Our next guest on the Fintech One-on-One podcast is Wendy Cai-Lee, the CEO and Co-Founder of Piermont Bank. The bank only began operations in 2019 but it is a fully chartered bank that has been built from the ground up to take advantage of the BaaS opportunity.

In this podcast you will learn:

  • The founding story of Piermont Bank.
  • Why they decided to get a banking license right off the bat.
  • What the process was like working with the State of New York.
  • Why lending is the key to successful banking-as-a-service.
  • Details of their suite of products.
  • How banking-as-a-service is different from embedded finance.
  • The scale they have reached in 26 months.
  • How they work with fintechs and other banks.
  • The typical loan products and loan sizes they offer.
  • How Wendy views the BaaS landscape.
  • Their approach to user experience and product design.
  • Why fintech is coming on strong in New York today.
  • Their hybrid approach to the workplace.
  • Wendy’s thoughts on offering crypto services.
  • Her vision for Piermont Bank and for BaaS.
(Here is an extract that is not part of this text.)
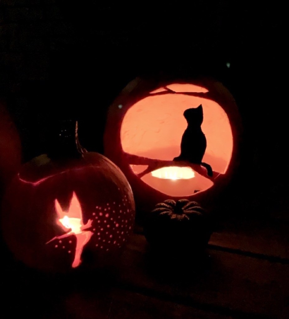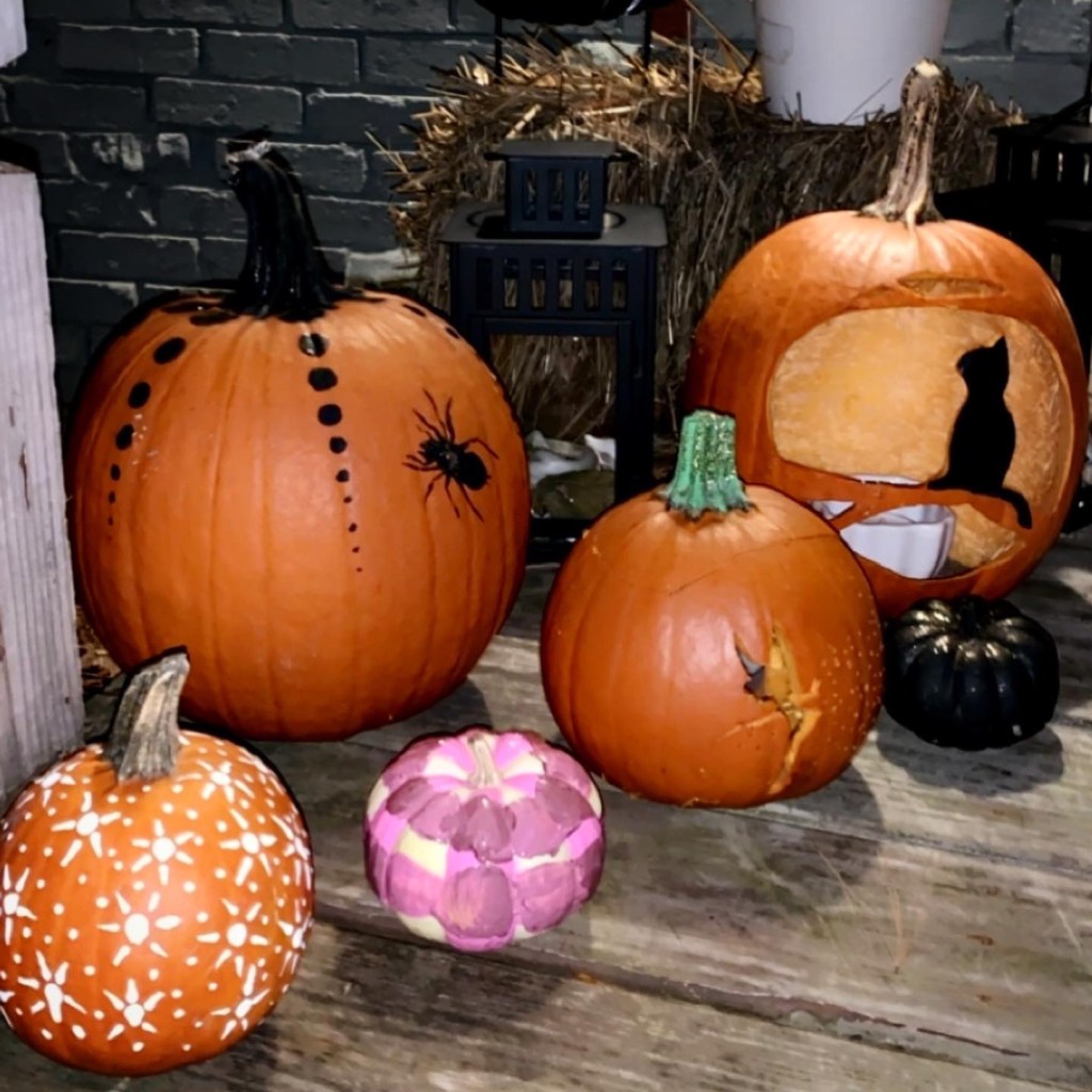 Our youngest painted her mini pumpkin black with glitter, and her sugar pumpkin was carved with Tinkerbell. She was happy to use the Dremel to make the pixie dust. Our oldest painted both her pumpkins- one buffalo check and one with flowers. Then I carved one pumpkin with a black cat with a moon and painted the other w a spider.

You can subscribe to the Fintech One on One Podcast via Apple Podcasts or Spotify. To listen to this podcast episode there is an audio player directly above or you can download the MP3 file here.

Download a PDF of the Transcription or Read it Below

Welcome to the Fintech One-on-One Podcast, Episode No. 347. This is your host, Peter Renton, Chairman and Co-Founder of LendIt Fintech.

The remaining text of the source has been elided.